Rural areas included are Bradford County, Calhoun County, Citrus County, Columbia County, DeSoto County, Dixie County, Franklin County, Glades County, Gulf County, Hamilton County, Hardee County, Hendry County, Jackson County, Lafayette County, Levy County, Liberty County, Madison County, Monroe County (excluding Key West), Okeechobee County, Putnam County, Sumter County, Suwannee County, Taylor County, Union County, Walton County, and Washington County.

The list of non-rural high-unemployment areas is subject to regular change based on fluctuations in unemployment rate. The list in August 2012 included Palm Coast metropolitan statistical area (Flagler County), Hernando County, City of Hialeah (in Miami-Dade County), City of Miami Gardens (in Miami-Dade County), and City of Fort Pierce (in St. Lucie County).

===Texas===
The city of Austin in Texas listed 31 designated TEAs and also provided an unemployment cutoff of 11.1% (150% of the national unemployment rate of 7.4%, as determined by the Bureau of Labor Statistics) for non-rural areas to qualify as TEAs.

===Washington===
Washington, the US state, maintains its own list of TEAs.

===Minnesota===
The state of Minnesota commissioned a study by the Carlson Consulting Enterprise to better understand how the state could leverage the EB-5 investor program to drive employment growth in the state, particularly in high-unemployment areas. The program has also been highlighted as a way to improve employment for black residents on North Minneapolis (a designated TEA) by matching them with EB-5 investors from Asia.

==Reception==
A 2011 article in the New York Times claimed that areas within New York had been strangely gerrymandered so that relatively upscale and wealthy locations could qualify for TEA status, and also noted pushback from locals against an EB-5-funded program for a proposed China City program in upstate New York.
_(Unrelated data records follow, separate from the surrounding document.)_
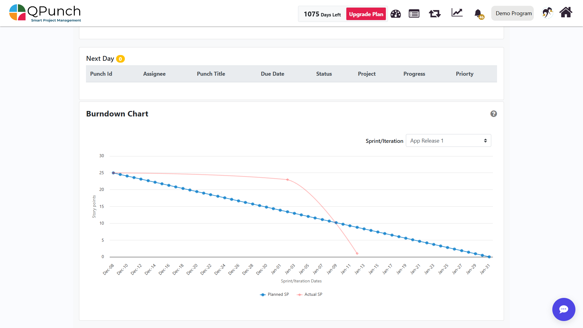 In Agile projects, work is estimated using story points to reflect effort and complexity which QPunch tracks through burndown charts, showing how story points are completed over time and helping teams monitor sprint health and risks early.
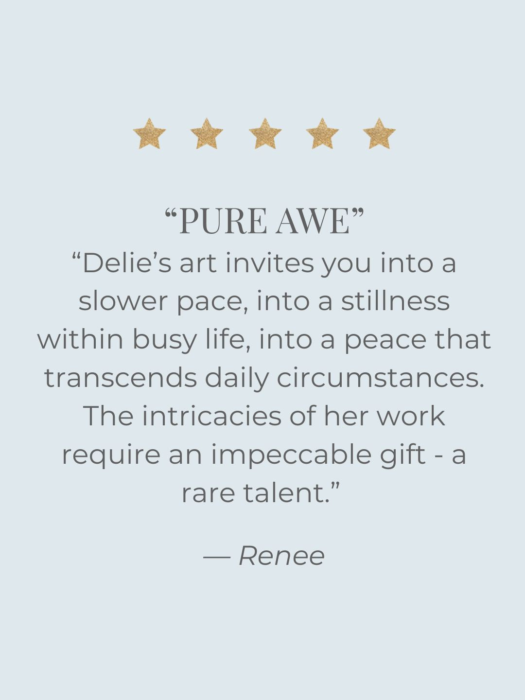 I love my pieces from Delie. They are beautiful and calming and bring me peace and joy.
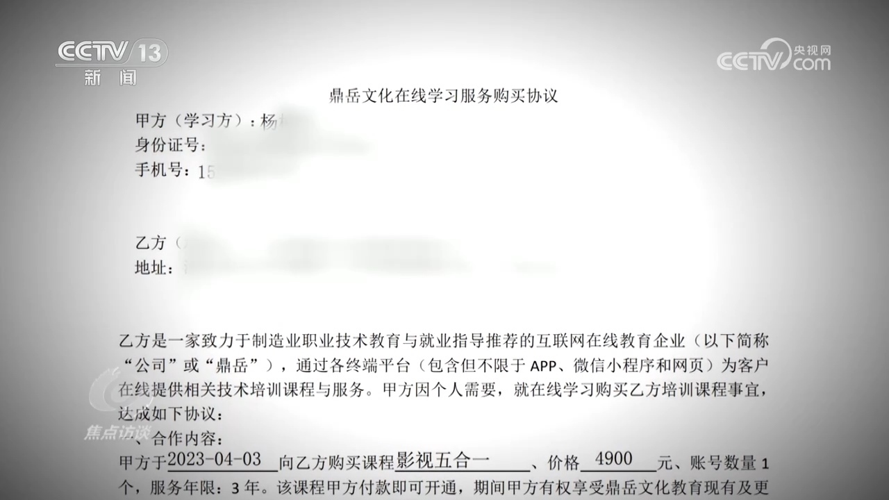 然而,這次鼎岳公司的工作人員也沒再用推薦兼職來安撫他,而是直接拿出了培訓合同,上面寫著“自用戶繳費兩個月后,鼎岳將不再為用戶提供退費服務。”看著這份自己簽了字的培訓合同,小楊意識到退費難了。
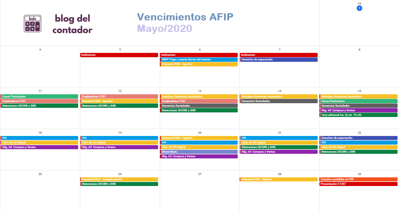 Ponemos a disposición el calendario de vencimientos AFIP mayo/2020 correspondiente a las obligaciones tributarias y de la seguridad social.
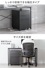 書類や小物が整理しやすい 3段 タイプの ワゴン です。
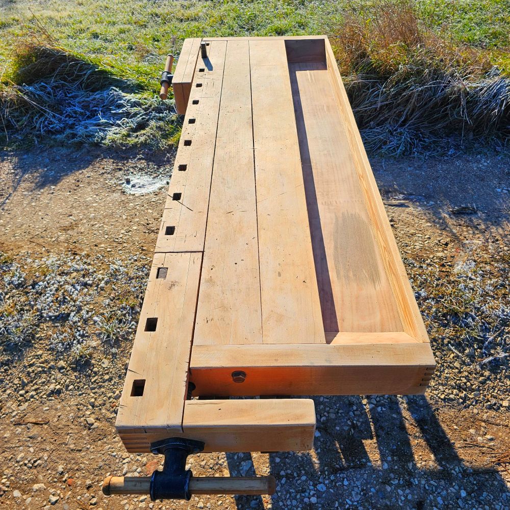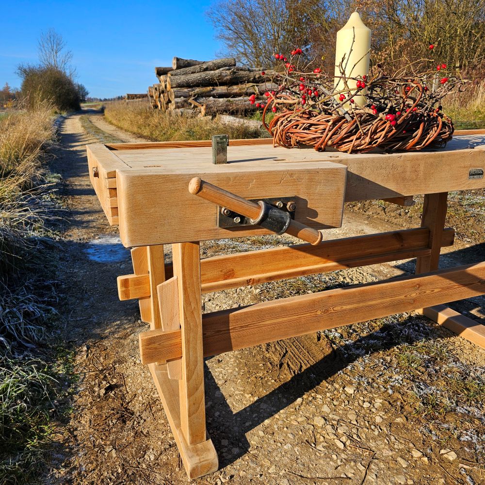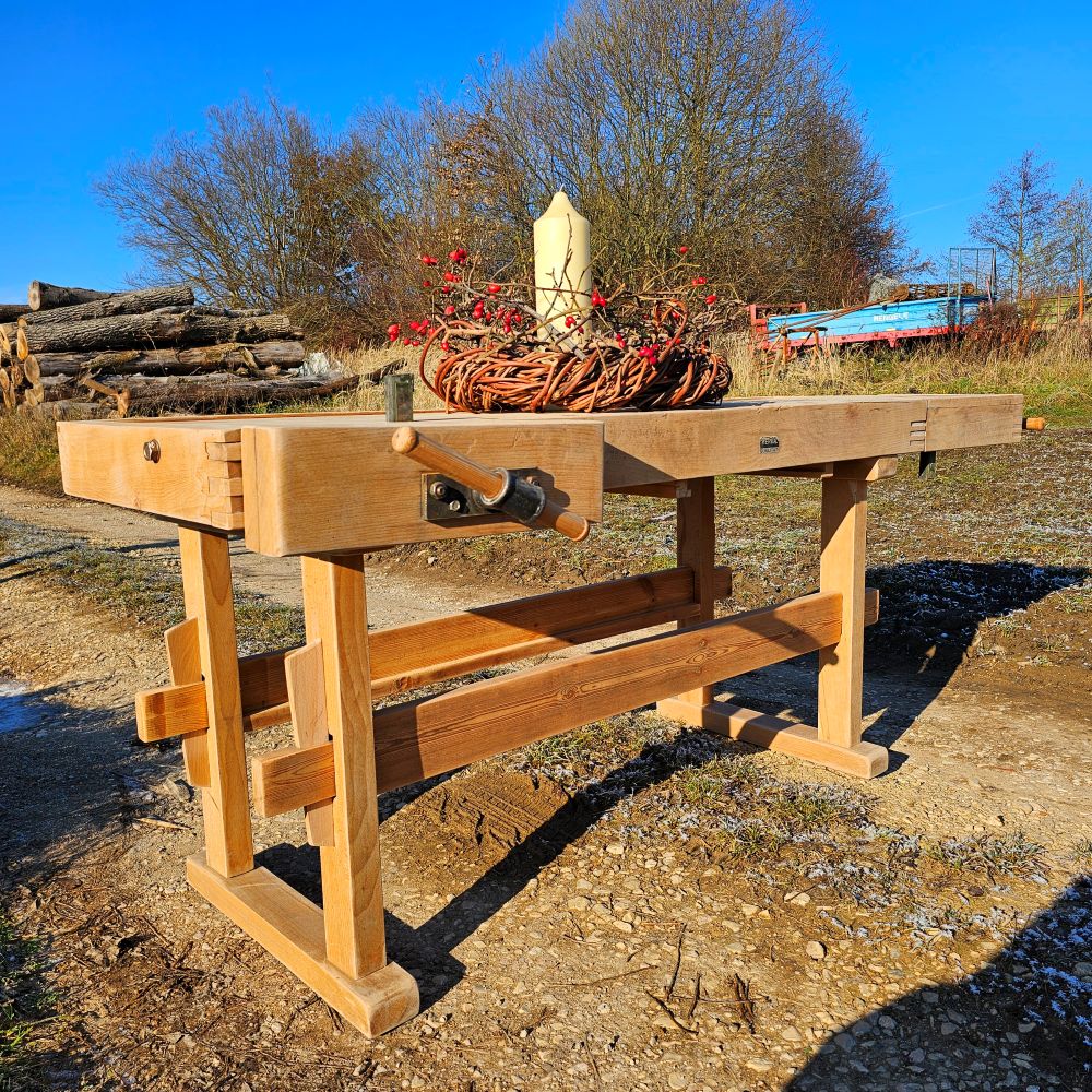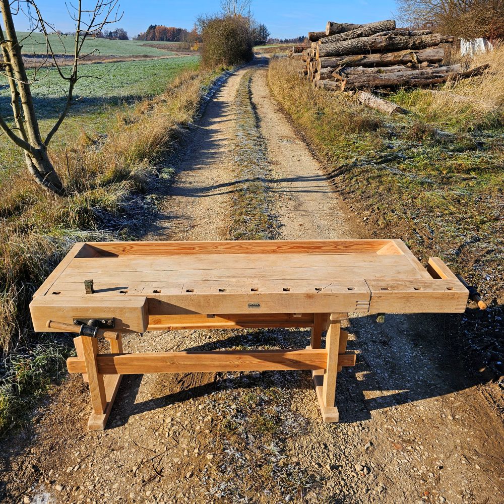 Behutsam aufgearbeitet: Holzoberflächen gereinigt und gefestigt, beide Schraubstöcke geprüft, Gestell stabilisiert. Authentische Gebrauchsspuren bleiben bewusst erhalten – sie machen den Charakter aus.

Similarly, EB-5-funded construction projects by Marriott, including some in Washington D.C., have met with criticism for how they have sought TEA status for wealthy and well-off regions, contradicting the original spirit of the TEA designation.

The Washington City Paper cited the American Immigration Lawyers Association on the ease of having your area designated as a TEA, writing: "The ease of qualifying for TEAs is such an open secret that the American Immigration Lawyers Association fact sheet on EB-5 states simply, "Each immigrant investor must create 10 US jobs with an investment of $500,000 or more"—rather than the $1 million required outside of TEAs."

Similar skepticism about TEAs was expressed in an article in Fortune, that said: "One essential part of gaining USCIS approval was crafting an acceptable "targeted employment area," or TEA. The EB-5 law requires investment in a district that is either rural or has a jobless rate that is 150% of the national average. But after years of industry pressure, it's now USCIS policy to automatically accept any state designation of a TEA, even though states routinely approve gerrymandered districts that tack on distant high-unemployment tracts to allow EB-5 endeavors in wealthy areas."